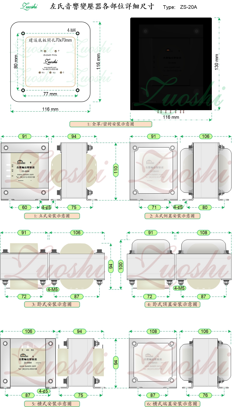 左氏☆ 标称阻抗:3.5KΩ:0-4Ω-8Ω (或3.5KΩ:0-8Ω-16Ω );左氏
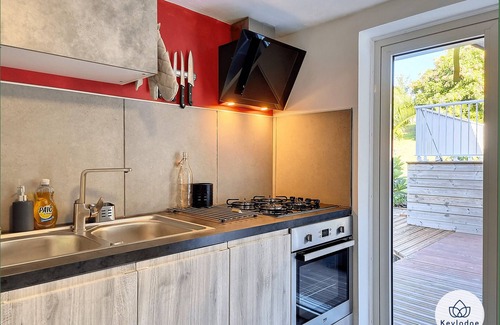 ✅ A fully equipped kitchen designed for your stay, with all crockery and kitchen utensils, kettle, coffee maker, oven, microwave, rice cooker as well as a fridge and freezer. A dining area equipped with a bar table and chairs.
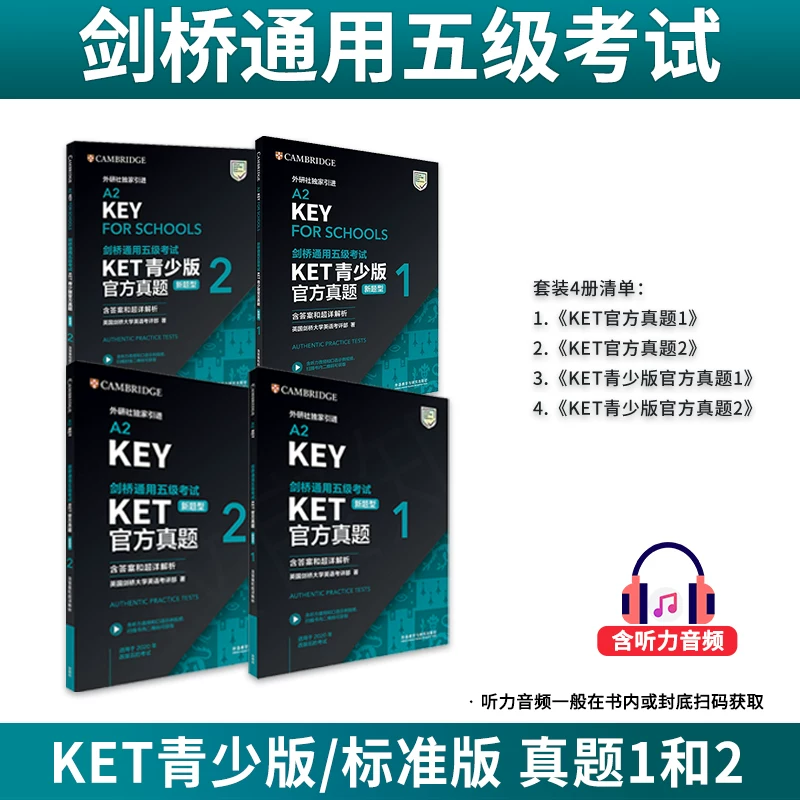 听力新版 答案和超详解解析精讲精练英语全真模拟题真题集KET标准版 剑桥通用五级考试KET官方真题新题型12备考12青少版 2025正版

| Exercise details |
With pictures excluded, the data must be transcribed in full and to the letter.

| Exercise response |
 左氏☆ 标称阻抗:3.5KΩ:0-4Ω-8Ω (或3.5KΩ:0-8Ω-16Ω );左氏
 ✅ A fully equipped kitchen designed for your stay, with all crockery and kitchen utensils, kettle, coffee maker, oven, microwave, rice cooker as well as a fridge and freezer. A dining area equipped with a bar table and chairs.
 听力新版 答案和超详解解析精讲精练英语全真模拟题真题集KET标准版 剑桥通用五级考试KET官方真题新题型12备考12青少版 2025正版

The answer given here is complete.